The team of UTS experts in health economics and marketing will be the community connection for the new Australian Centre for Metabolic Fitness, a cooperative research initiative involving five universities of the Australian Technology Network (ATN).

The Centre's brief is to identify the best way of improving the health of Australians through changes in exercise and diet.

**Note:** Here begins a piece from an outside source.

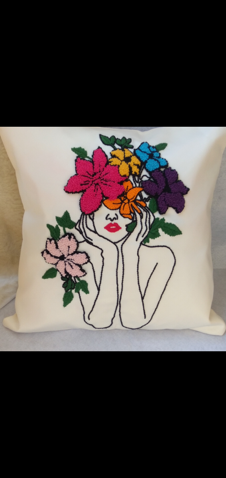 كوشن مقاس 45×45 مصنوع يدوياً بإبرة النفاش، كل غرزة فيه بتحكي قصة حب وشغف. تصميم فريد يضيف لمسة دفء وجمال لأي ركن في بيتك، ويعبر عن ذوقك الراقي في اختيار التفاصيل. مثالي كقطعة ديكور مميزة أو هدية فاخرة تعبر عن الاهتمام.

An important part will be assessing how the programs designed by nutritionists, exercise scientists and public health experts will be received by their target audience.

UTS lead investigator, Deputy Director of the Centre for Health Economics Research and Evaluation (CHERE) Associate Professor Marion Haas, said that a major issue with suggesting lifestyle changes is whether people will actually make the changes.

"That's where our research comes in," she said. "The biomedical researchers can identify what works in the laboratory, but we also need to know whether people will buy the products, or change their behaviour and what is most likely to make them stick with it."

Dr Kate Owen from the School of Marketing in the Faculty of Business said the UTS team would use a research technique called Discrete Choice Experiments (DCE), widely used in marketing, but rarely used to test preventative public health interventions.

"DCEs involve respondents choosing from different cost, time and convenience options," she said. "Based on their choices, we can then predict how different people will respond to different products and programs.